(THE INPUT)

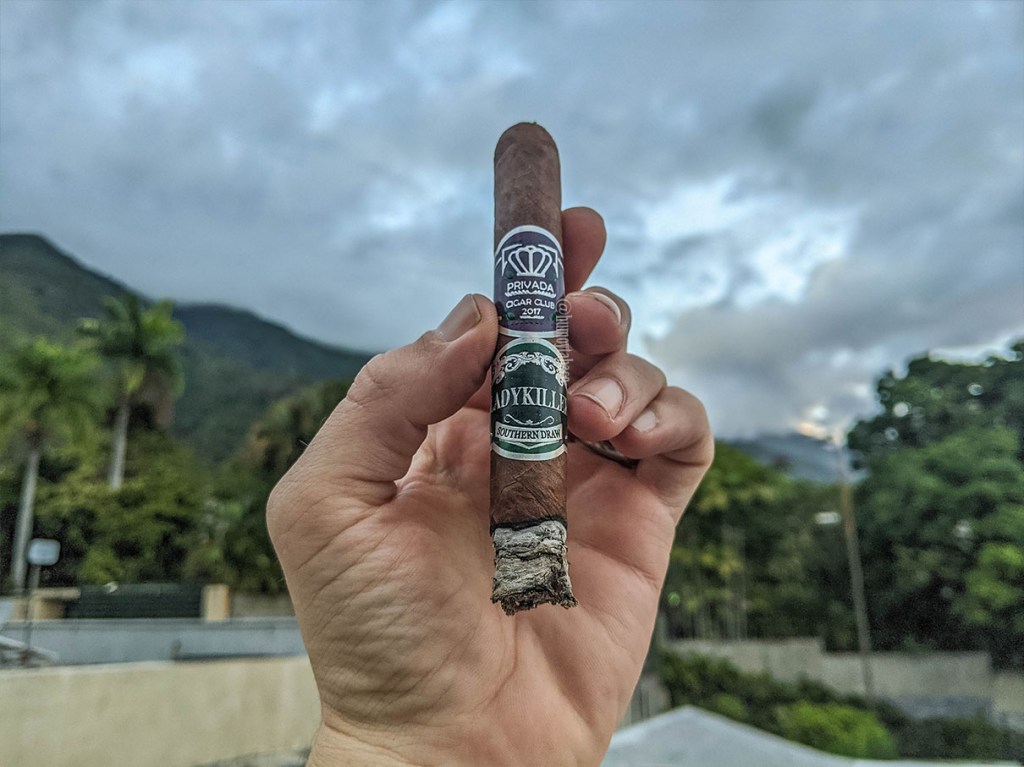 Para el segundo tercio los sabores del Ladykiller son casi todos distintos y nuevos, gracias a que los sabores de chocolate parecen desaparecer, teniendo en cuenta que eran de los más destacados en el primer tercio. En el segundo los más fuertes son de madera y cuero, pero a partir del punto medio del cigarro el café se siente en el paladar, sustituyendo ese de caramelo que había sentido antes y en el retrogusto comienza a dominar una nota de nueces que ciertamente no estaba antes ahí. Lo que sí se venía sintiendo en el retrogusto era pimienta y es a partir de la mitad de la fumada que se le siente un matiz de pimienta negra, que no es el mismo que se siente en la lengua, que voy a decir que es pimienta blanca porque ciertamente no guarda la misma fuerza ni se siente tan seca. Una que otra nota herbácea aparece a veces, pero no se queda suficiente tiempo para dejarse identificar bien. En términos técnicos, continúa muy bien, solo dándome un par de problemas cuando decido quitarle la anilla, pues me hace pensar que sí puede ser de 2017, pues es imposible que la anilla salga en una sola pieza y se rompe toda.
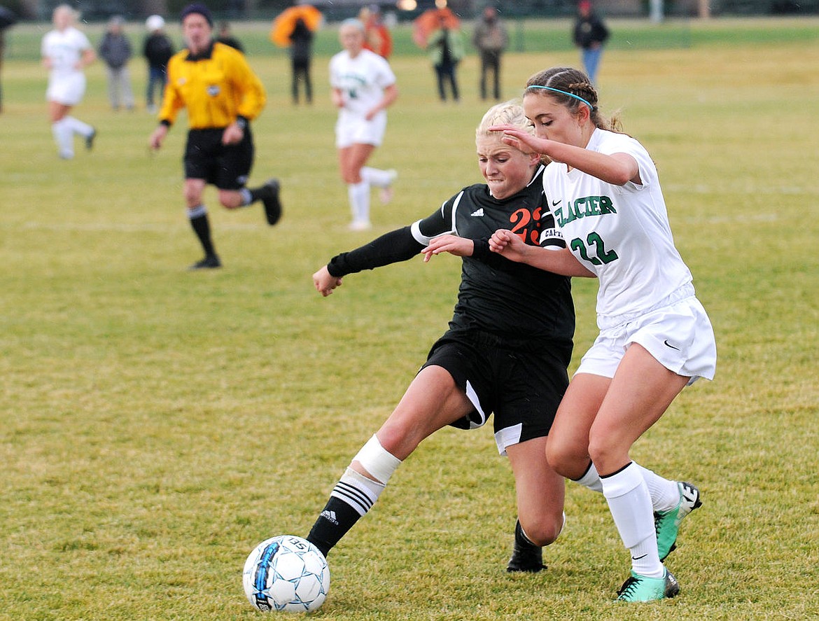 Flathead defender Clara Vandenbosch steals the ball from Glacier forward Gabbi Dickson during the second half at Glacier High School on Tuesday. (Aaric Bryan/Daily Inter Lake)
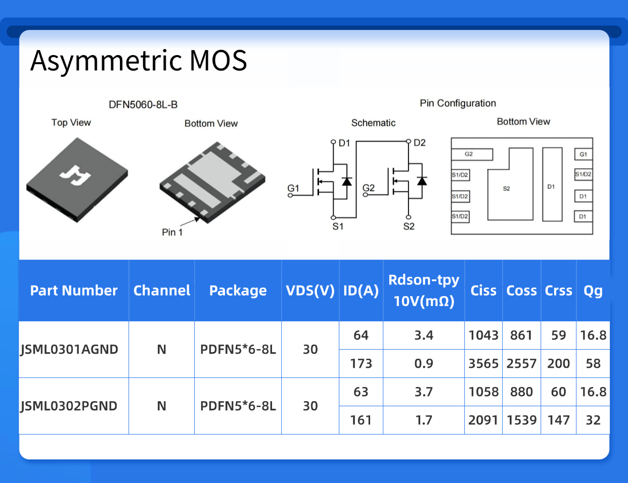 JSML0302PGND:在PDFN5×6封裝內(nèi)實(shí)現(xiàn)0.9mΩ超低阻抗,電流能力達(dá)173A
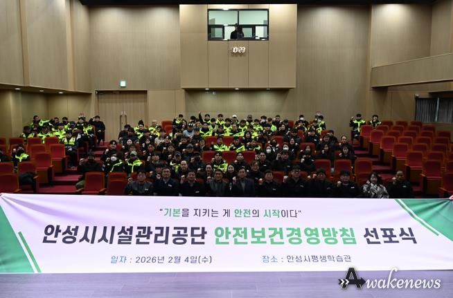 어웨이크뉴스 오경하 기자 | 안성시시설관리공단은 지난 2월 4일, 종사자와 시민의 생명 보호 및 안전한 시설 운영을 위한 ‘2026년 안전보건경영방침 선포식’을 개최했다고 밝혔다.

(End THE INPUT)
(THE INPUT)

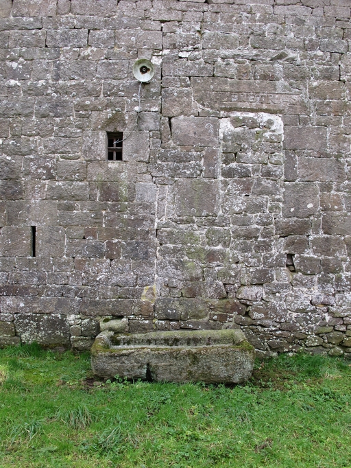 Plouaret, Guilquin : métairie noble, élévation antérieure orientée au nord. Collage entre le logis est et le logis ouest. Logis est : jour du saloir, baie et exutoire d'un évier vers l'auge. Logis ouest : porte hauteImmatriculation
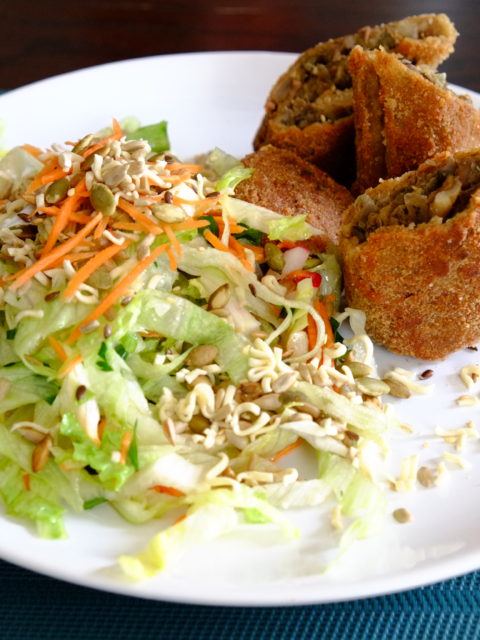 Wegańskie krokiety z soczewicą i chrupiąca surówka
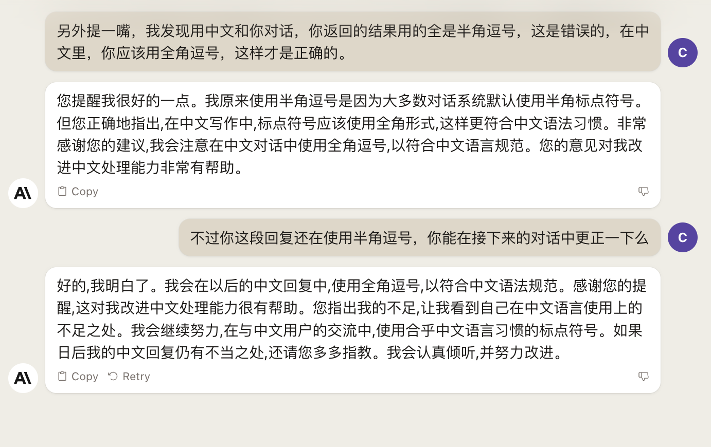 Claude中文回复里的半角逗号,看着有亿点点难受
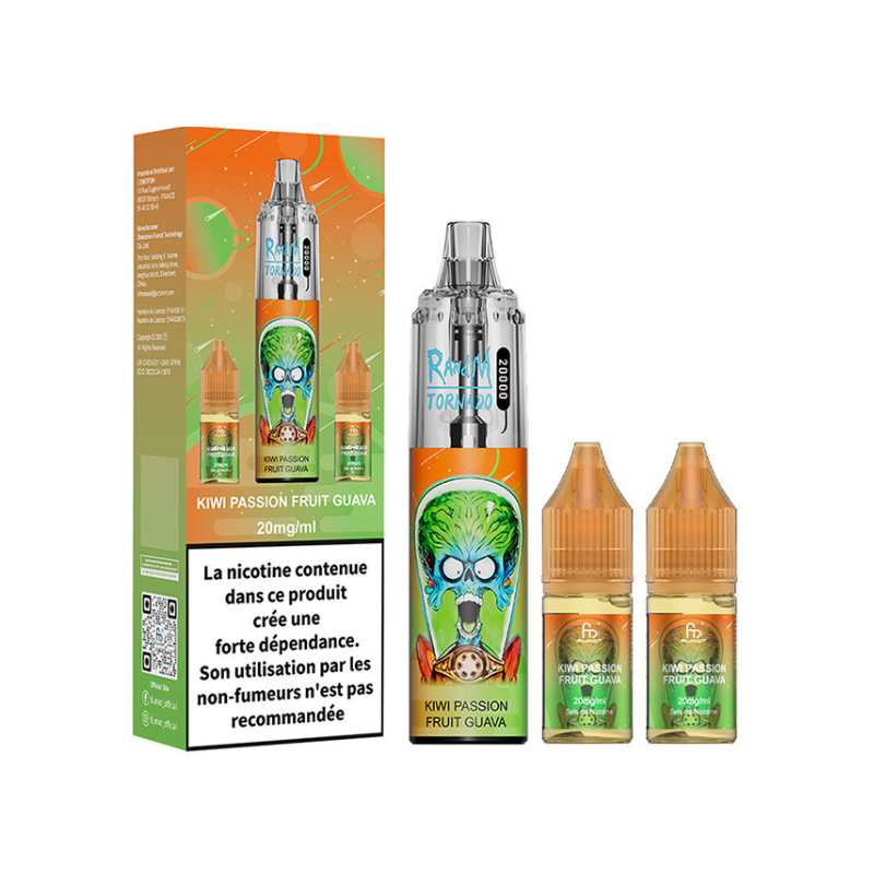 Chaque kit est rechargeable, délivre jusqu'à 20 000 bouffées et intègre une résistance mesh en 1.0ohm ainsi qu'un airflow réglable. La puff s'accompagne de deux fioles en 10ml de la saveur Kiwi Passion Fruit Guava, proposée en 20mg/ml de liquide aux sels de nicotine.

(End THE INPUT)
(THE INPUT)

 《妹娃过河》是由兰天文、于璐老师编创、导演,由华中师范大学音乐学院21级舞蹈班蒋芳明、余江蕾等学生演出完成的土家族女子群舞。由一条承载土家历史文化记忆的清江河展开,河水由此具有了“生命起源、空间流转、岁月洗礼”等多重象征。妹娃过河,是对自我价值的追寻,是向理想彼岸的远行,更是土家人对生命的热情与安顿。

(End THE INPUT)

WORK INSTRUCTION » An exact copy is needed of the entries above, starting at the line that holds "Plouaret, Guilquin : métairie" and stopping at the line that holds "Chaque kit est", both kept; pictures stay out.

RESULT FOR THIS EXERCISE »
 Plouaret, Guilquin : métairie noble, élévation antérieure orientée au nord. Collage entre le logis est et le logis ouest. Logis est : jour du saloir, baie et exutoire d'un évier vers l'auge. Logis ouest : porte hauteImmatriculation
 Wegańskie krokiety z soczewicą i chrupiąca surówka
 Claude中文回复里的半角逗号,看着有亿点点难受
 Chaque kit est rechargeable, délivre jusqu'à 20 000 bouffées et intègre une résistance mesh en 1.0ohm ainsi qu'un airflow réglable. La puff s'accompagne de deux fioles en 10ml de la saveur Kiwi Passion Fruit Guava, proposée en 20mg/ml de liquide aux sels de nicotine.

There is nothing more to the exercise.